Op 19 augustus 2025 heeft de Rechtbank Amsterdam uitspraak gedaan in een zaak betreffende de overlevering van een opgeëiste persoon op basis van een Europees aanhoudingsbevel (EAB) dat was uitgevaardigd door de Direktorin des Amtsgerichts Kleve in Duitsland. De zaak betreft een vordering van de officier van justitie tot behandeling van het EAB, dat op 11 december 2024 was uitgevaardigd. De opgeëiste persoon, geboren in 1993, heeft de Nederlandse nationaliteit en is bijgestaan door zijn raadsman, mr. C.N.G.M. Starmans. Tijdens de zitting op 5 augustus 2025 heeft de rechtbank de termijn voor uitspraak verlengd en de gevangenhouding bevolen met schorsing tot aan de uitspraak.

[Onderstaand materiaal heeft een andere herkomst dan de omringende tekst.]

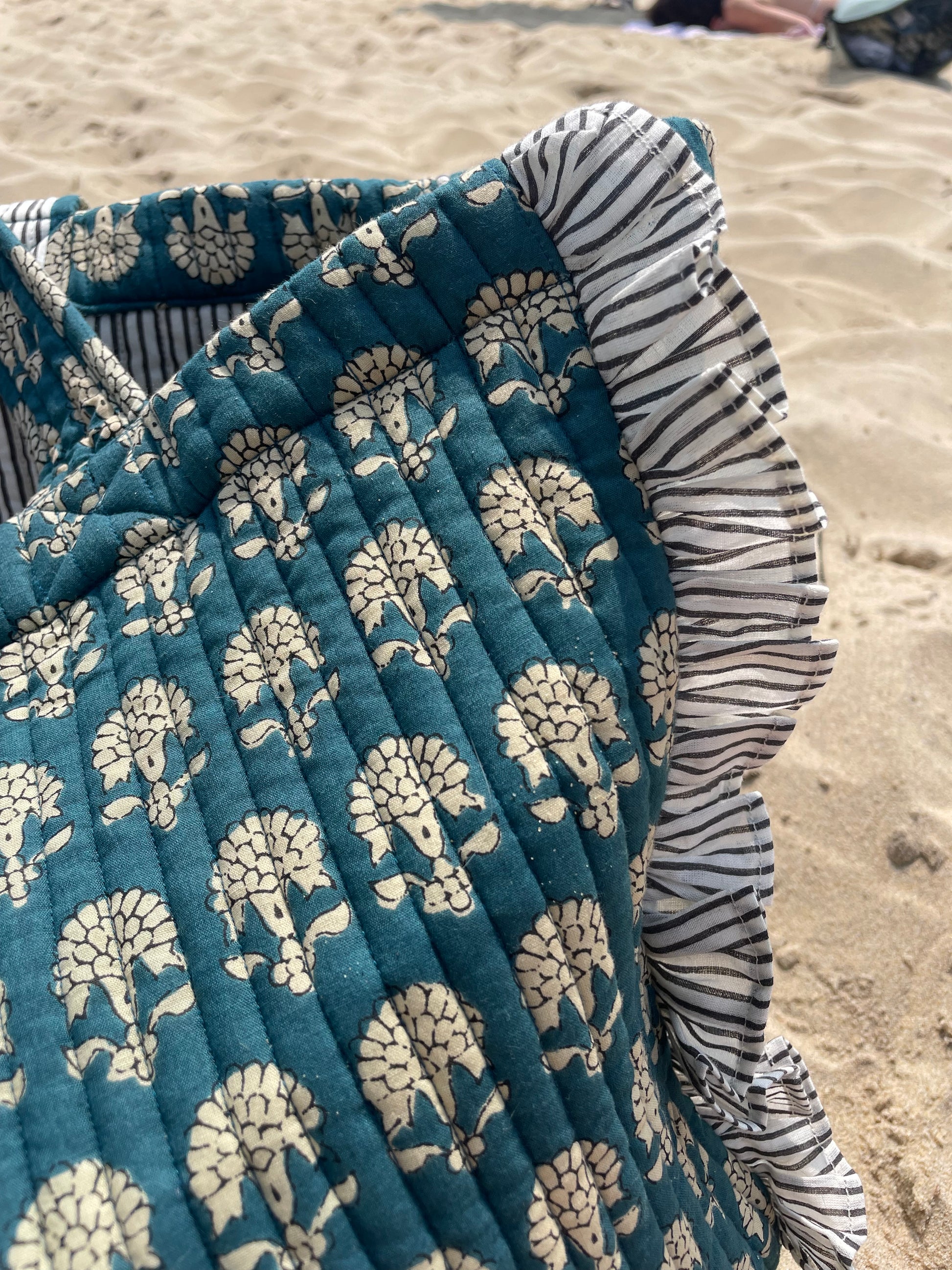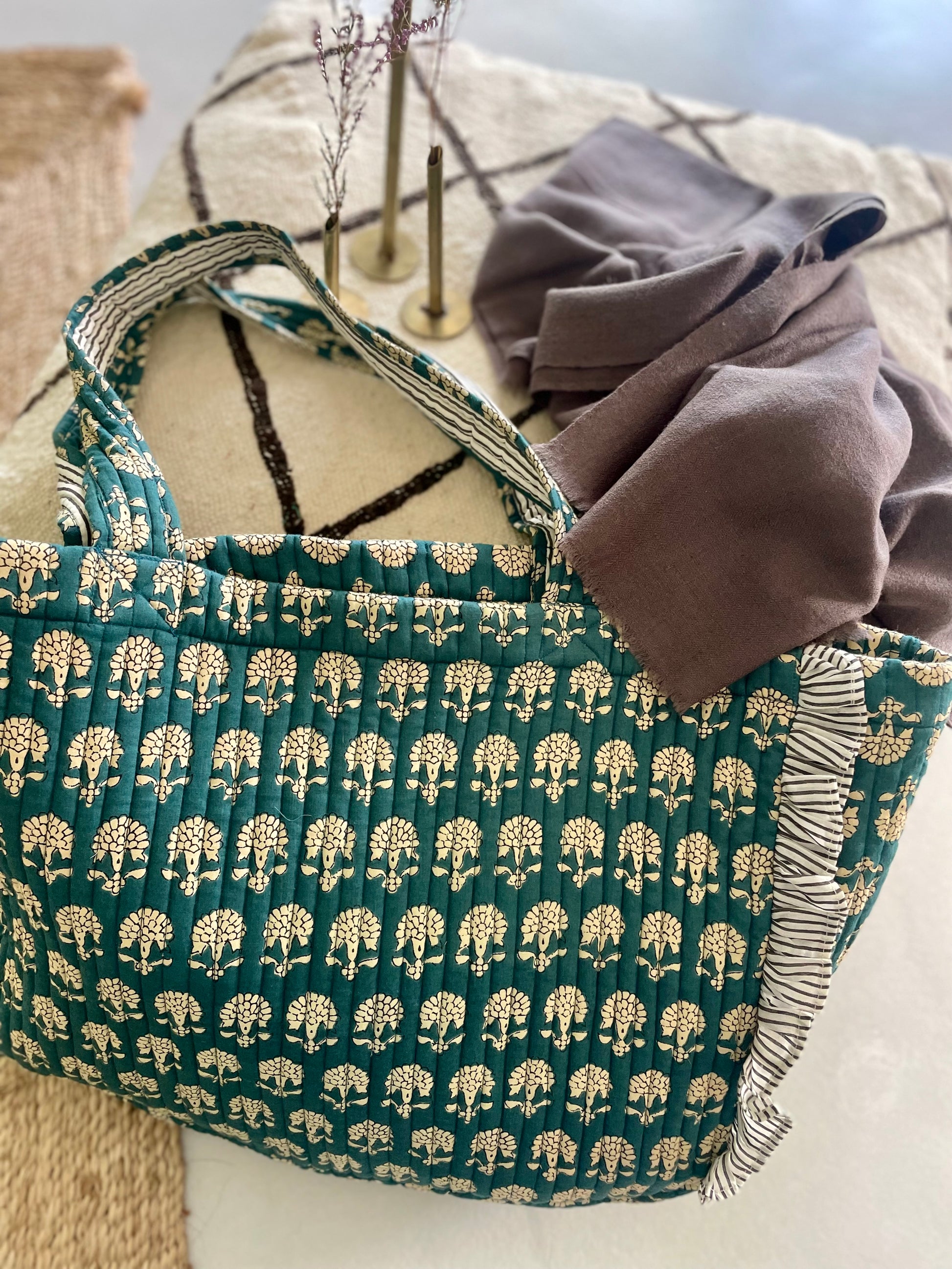 Cabas matelassé froufrou en coton blockprint , parfait pour vos journées chargées.

De rechtbank heeft vastgesteld dat het EAB voldoet aan de eisen van de Overleveringswet (OLW) en dat er geen weigeringsgronden zijn voor de overlevering. De opgeëiste persoon heeft verklaard dat zijn persoonsgegevens correct zijn en dat hij de Nederlandse nationaliteit heeft. De rechtbank heeft ook de garantie van de uitvaardigende justitiële autoriteit beoordeeld, die waarborgt dat de opgeëiste persoon na een eventuele veroordeling in Duitsland terug naar Nederland zal worden overgebracht. Deze garantie is door de rechtbank als voldoende beoordeeld.
Uiteindelijk heeft de rechtbank besloten de overlevering toe te staan, omdat er geen belemmeringen zijn en de terugkeer naar Nederland gewaarborgd is. De uitspraak is gedaan door een meervoudige kamer, met mr. A.R.P.J. Davids als voorzitter, en is openbaar uitgesproken. Tegen deze uitspraak staat geen gewoon rechtsmiddel open, conform artikel 29, tweede lid, OLW.